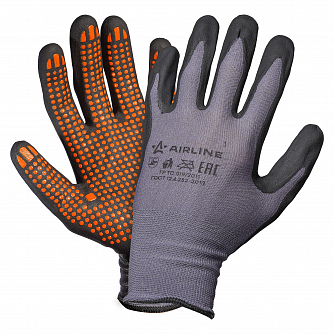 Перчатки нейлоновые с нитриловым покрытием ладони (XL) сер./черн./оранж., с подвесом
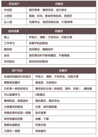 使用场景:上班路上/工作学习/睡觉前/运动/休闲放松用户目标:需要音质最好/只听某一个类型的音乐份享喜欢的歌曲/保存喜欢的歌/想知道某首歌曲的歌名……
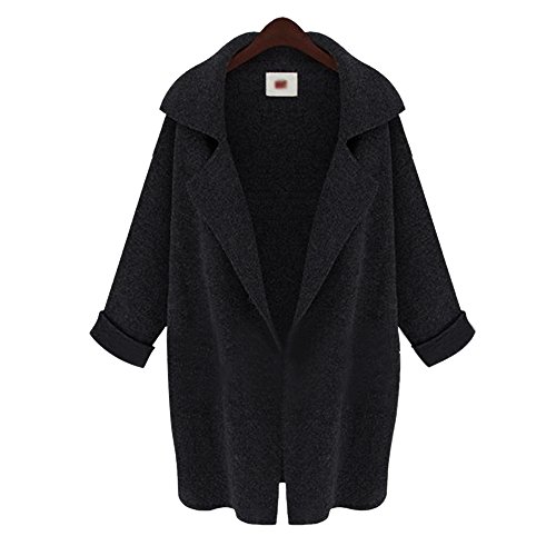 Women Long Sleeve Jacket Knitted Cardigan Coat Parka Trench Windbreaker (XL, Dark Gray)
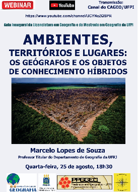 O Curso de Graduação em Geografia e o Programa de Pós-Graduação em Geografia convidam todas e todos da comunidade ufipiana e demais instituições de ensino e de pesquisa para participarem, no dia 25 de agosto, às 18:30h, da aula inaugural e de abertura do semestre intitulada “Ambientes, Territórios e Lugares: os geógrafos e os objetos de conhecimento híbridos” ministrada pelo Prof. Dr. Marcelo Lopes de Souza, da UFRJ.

━━━

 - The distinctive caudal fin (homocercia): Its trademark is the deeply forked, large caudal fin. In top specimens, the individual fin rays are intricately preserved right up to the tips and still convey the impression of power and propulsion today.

━━━

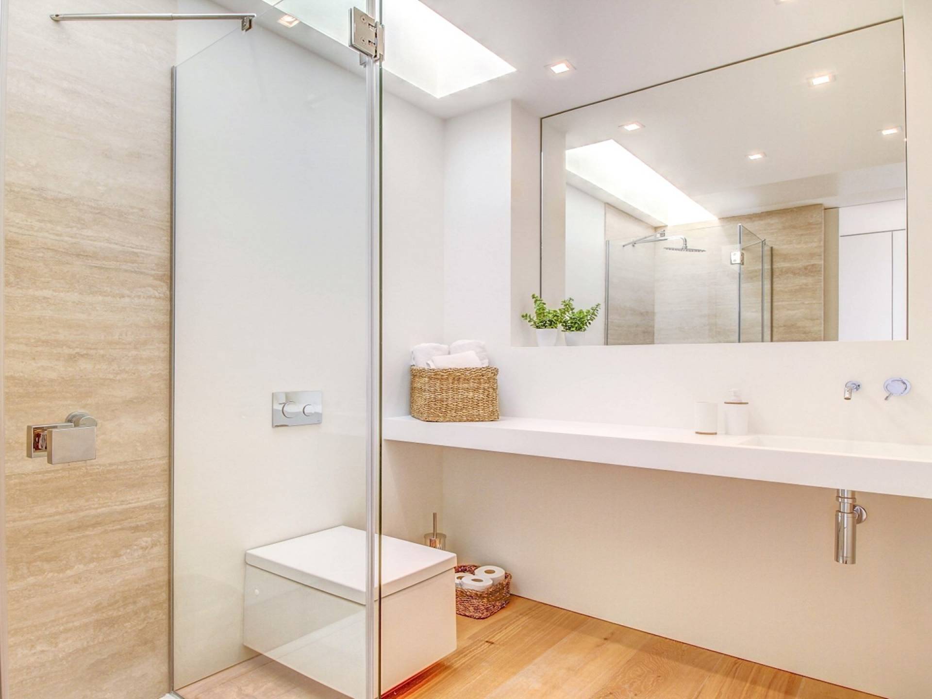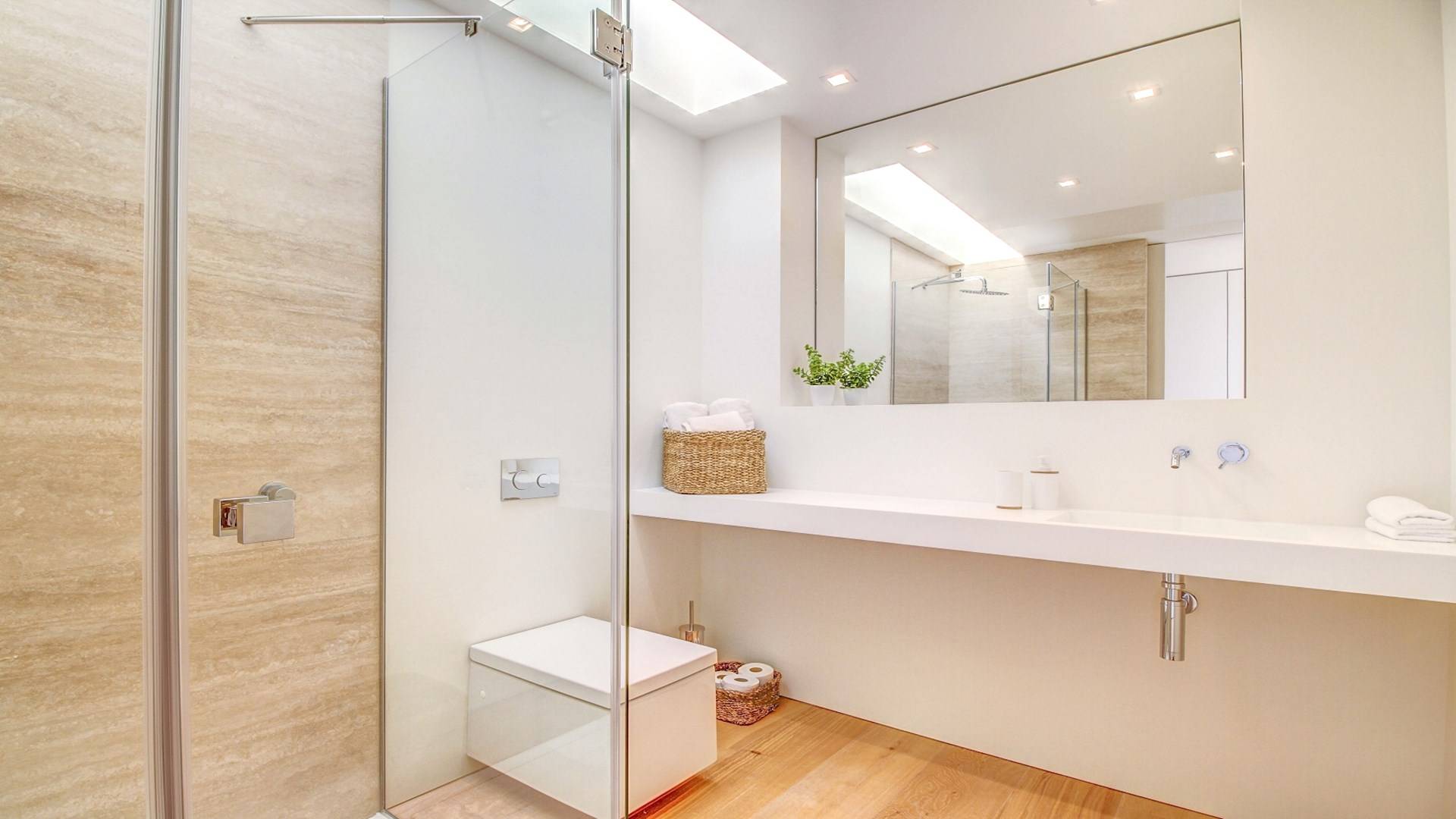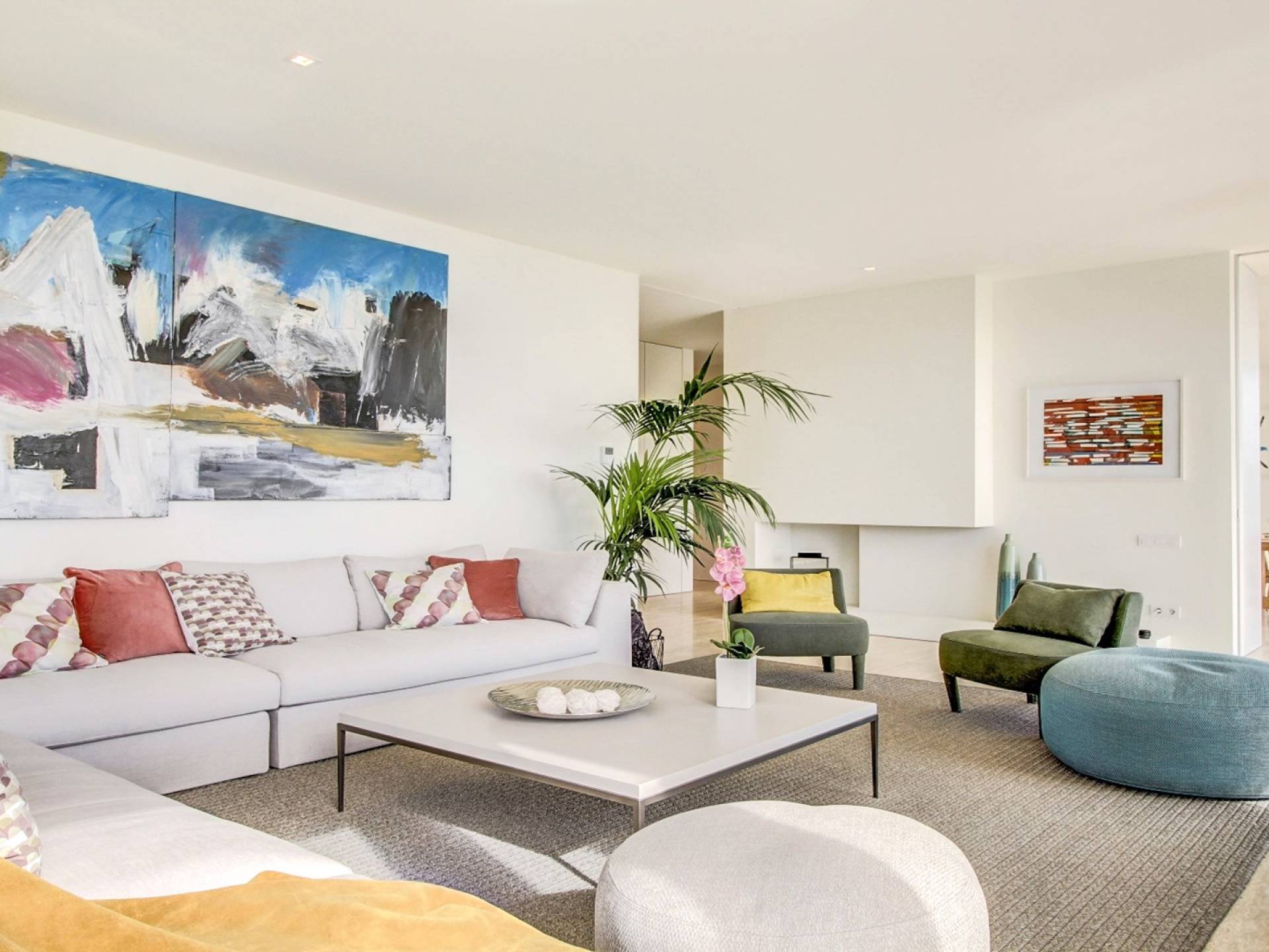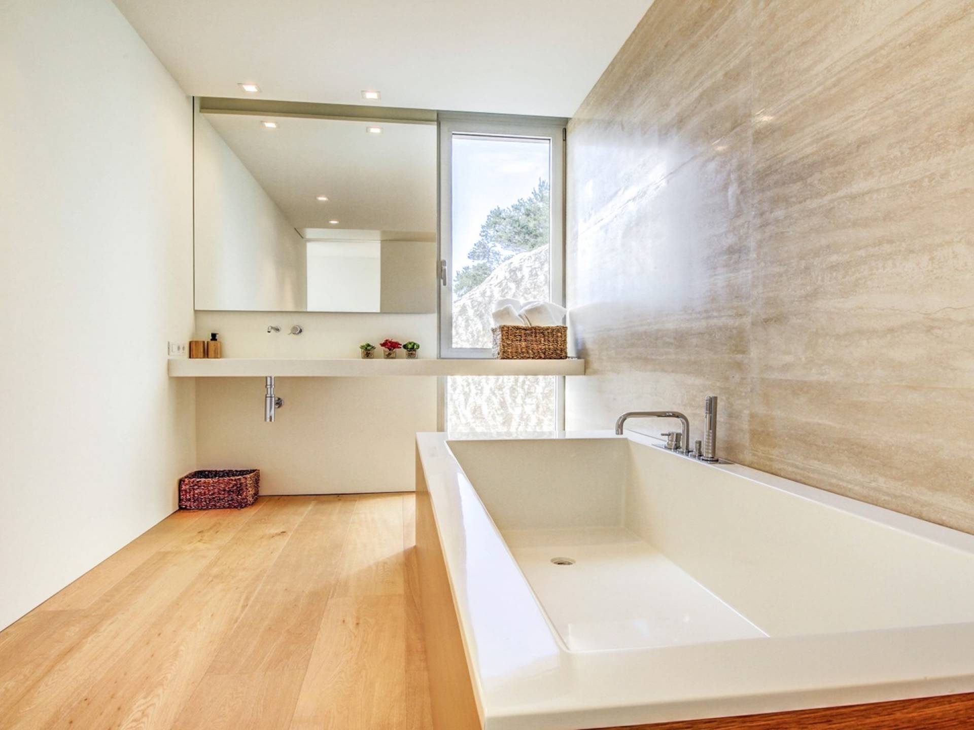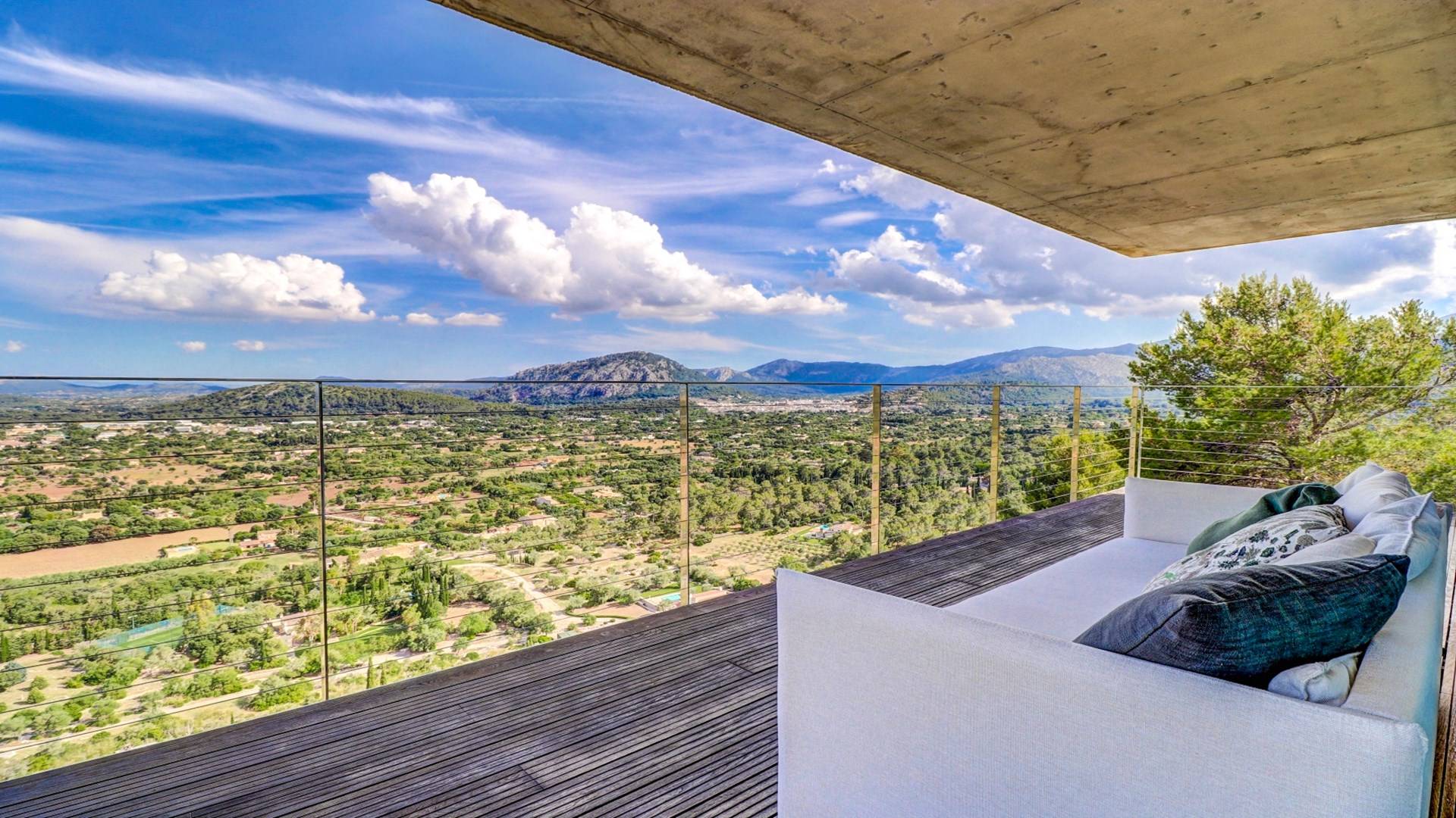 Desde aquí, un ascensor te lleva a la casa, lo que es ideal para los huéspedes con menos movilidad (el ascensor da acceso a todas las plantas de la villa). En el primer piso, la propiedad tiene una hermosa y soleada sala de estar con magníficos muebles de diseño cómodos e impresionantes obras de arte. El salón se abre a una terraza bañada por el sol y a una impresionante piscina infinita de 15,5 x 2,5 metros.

━━━

### Exercise goal:
In the listing above, find the line with "Перчатки нейлоновые с" and the line with "Women Long Sleeve". Output both, plus every line between them, and no pictures.

### Exercise solution:
 Перчатки нейлоновые с нитриловым покрытием ладони (XL) сер./черн./оранж., с подвесом
 使用场景:上班路上/工作学习/睡觉前/运动/休闲放松用户目标:需要音质最好/只听某一个类型的音乐份享喜欢的歌曲/保存喜欢的歌/想知道某首歌曲的歌名……
 Women Long Sleeve Jacket Knitted Cardigan Coat Parka Trench Windbreaker (XL, Dark Gray)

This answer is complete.